Met name op foto's valt op dat ik kaal word. Ik bedoel: kaal ben. Als ik in spiegels kijk, in een constructie van meerdere spiegels, om de bovenkant en de achterkant van mijn hoofd in beeld te brengen, dan vind ik mezelf een stuk minder kaal dan op foto's. Ik denk dat de waarheid tussen de foto's en de spiegels in ligt, maar die waarheid is wel dat ik kalig ben. De haren op mijn hoofd zijn minder talrijk dan toen ze eindexamen deden (en ik, grappig genoeg, behoorlijk ontevreden over ze was).
Ik zie veel mannen die zo oud zijn als ik - en mezelf ook - met kaligheid boven hun voorhoofd en achterop hun hoofd, die dan al het haar - en dat kan best nog een hoop zijn - van hun hoofd af scheren. Ik vond het bevrijdend, om helemaal kaal niet meer over mijn haar te hoeven nadenken. Zoals ik niet meer over een been zou hoeven nadenken, na amputatie. Tja. Haar is misschien dood materiaal, het is wel mijn dode materiaal.

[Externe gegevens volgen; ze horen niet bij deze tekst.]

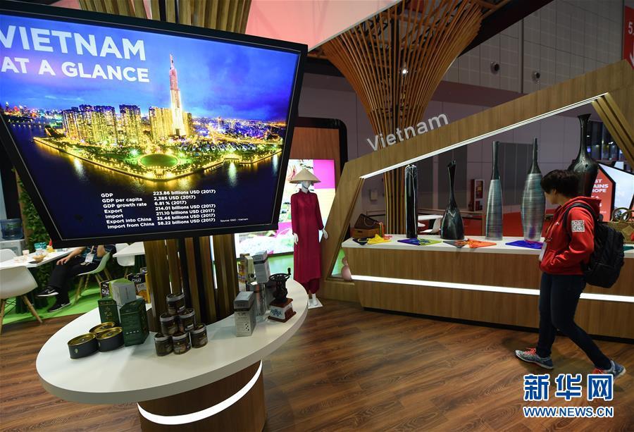 11月5日,一名媒體記者在越南展館內(nèi)參觀。 新華社記者 韓瑜慶 攝

Ik ben de laatste weken mijn haar er dus weer aan het opzetten. Eigenlijk wil ik het haar van Nico Haak. Gewoon groeien, dan gaat dat vanzelf, als ik krullen zou hebben. Alleen degene die het vaakst naar mij kijkt, wil niet naar mijn versie van het haar van Nico Haak kijken. De kapper heeft er nu iets van gekapt, van mijn haar. Hij gebruikte er zelfs een aansteker bij. Mijn amputatie is opgeheven.